Я вышел из машины, громко хлопнув дверью. Федор выскочил из машины и прокричал мне в спину: «К часу ночи буду, если не забуду!».
Махнул рукой не оборачиваясь. «Вот противное существо. Зараза…», – бормотал себе под нос. Вошел в избу. Авдотья сидела возле окна и тихо что-то напевала.
– Ну и день выдался сегодня, Авдотья Лукинична!
Она даже не шелохнулась, продолжала смотреть в одну точку и напевать. Постоял возле нее минуту, развернулся и пошел в свое временное пристанище. Поставил термоконтейнер на сундук и плюхнулся на кровать. Бесят меня эти людишки, не могу понять, что в них не так? Все, хватит анализировать пустоту! Уеду и забуду все, как страшный сон.
– Володя, обедать пора! – послышался уже приятный для меня голос из кухни.
– Сейчас, Авдотья Лукинична, дайте мне пять минут.
– Хорошо, родимый, твое время – ты им сам и распоряжайся, тольки мояво не отнимай: два раза греть еду не буду.
После этих слов выбора у меня не оставалось, вошел на кухню и сел за стол.
– Руки забыл помыть, милок.
Встал, глубоко вздохнул, пошел в сени и вернулся уже с вымытыми руками.
– Ты не серчай на мене, Володя, я понимаю, негоже мне табе указки давать. Понимаю, уморился и забыл. Небось три часа с энтим свистуном провел, а это как цельный огород вскопать без передыху.
– У Вас тоже был опыт насладиться Фединым свистом.
– Бог миловал, от людей слыхала. Заика с детства, хтось яму посоветовал насвистывать. Помогло, а дурна привычка осталася.
– У вас здесь есть кто-нибудь без изъянов?
– Нету, все маненько пришибленные, ну што ж поделашь, не убивать же нас за это?
– Вы простите меня, действительно просто устал.

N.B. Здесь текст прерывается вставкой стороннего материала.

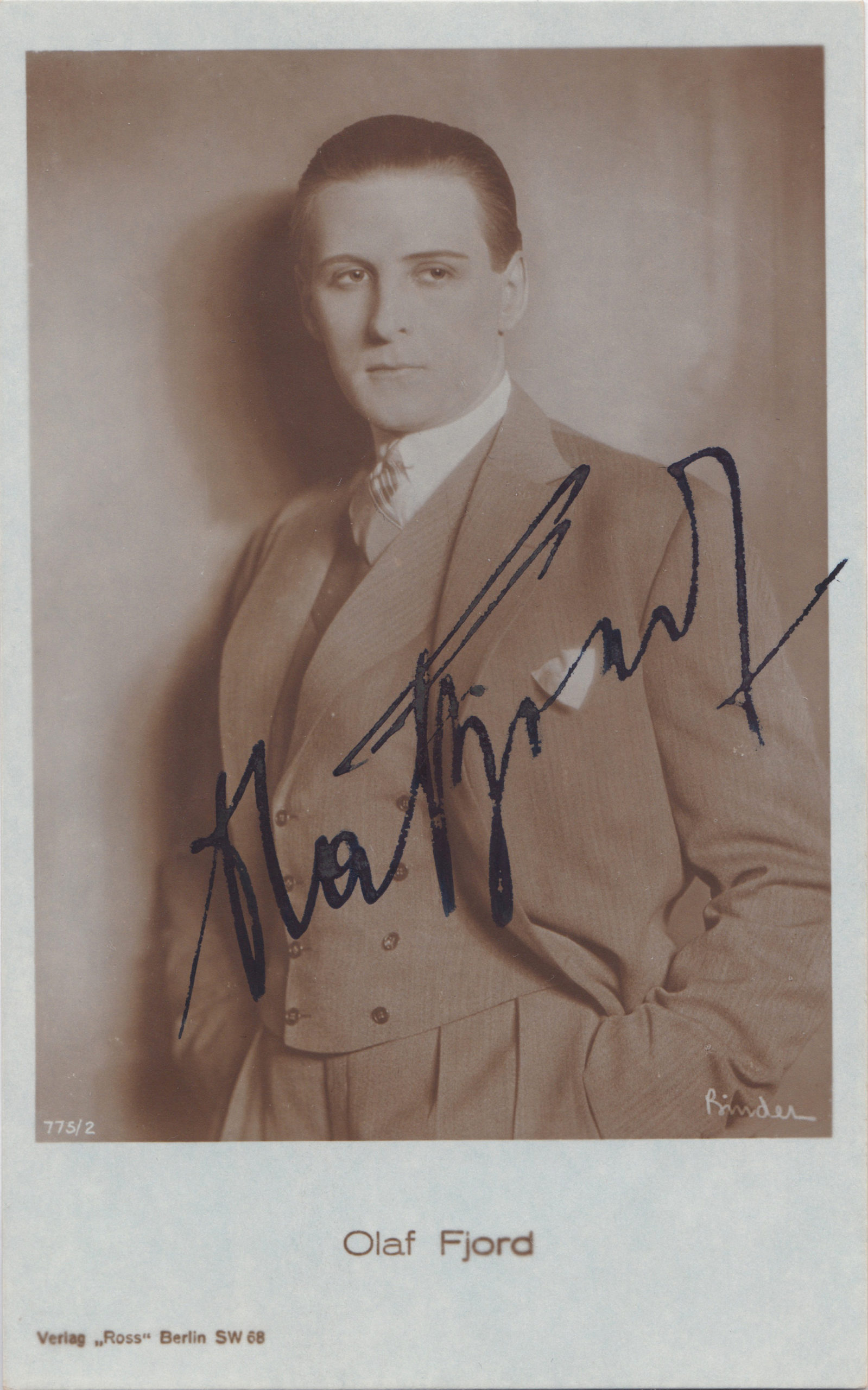 Er nahm den Künstlernamen Olaf Fjord an und war als Schauspieler in zahlreichen österreichischen, französischen, tschechischen und amerikanischen Stumm- und Tonfilmproduktionen zu sehen. Unter anderem verkörperte er 1921 in der Biografie „Ludwig II.“ den Bayernkönig Ludwig II. In seiner Vita bezeichnete er sich wiederholt als Norweger.
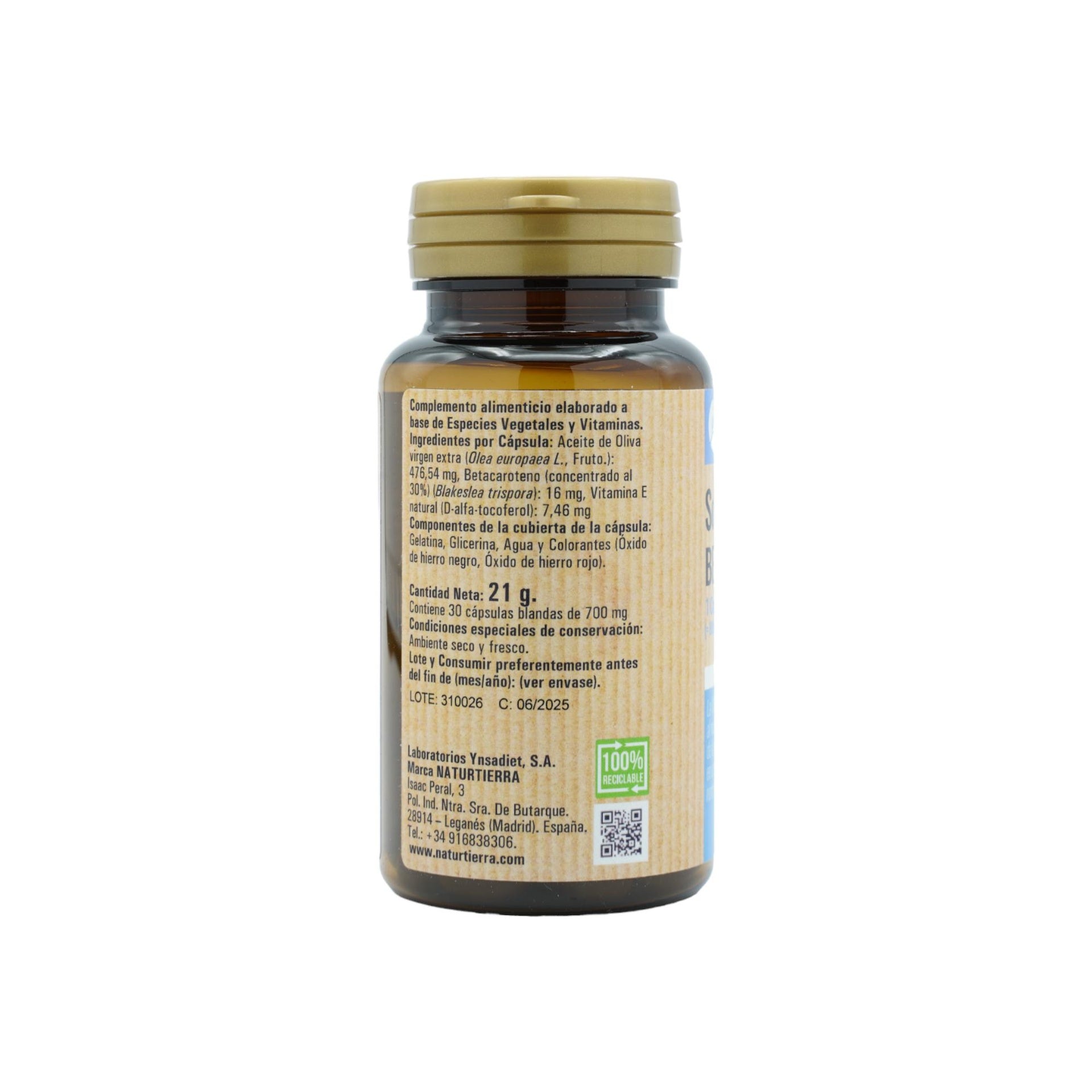 Solar complex betacaroneto, 30 cápsulas blandas. NaturTierra

– Ты давай кушай, супчика грибного наварила, компоту из лесной ягоды. Покушаш – все легче.
Навернул две тарелки чудо-супа. И почувствовал, как глаза стали слипаться.
– Пойду прилягу, спасибо за обед.
– Иди, милок. Отдохни.
Поплелся в комнату. Разделся, сел на кровать, посмотрел на иконы, и явь, как всегда, незаметно, перешла в сон.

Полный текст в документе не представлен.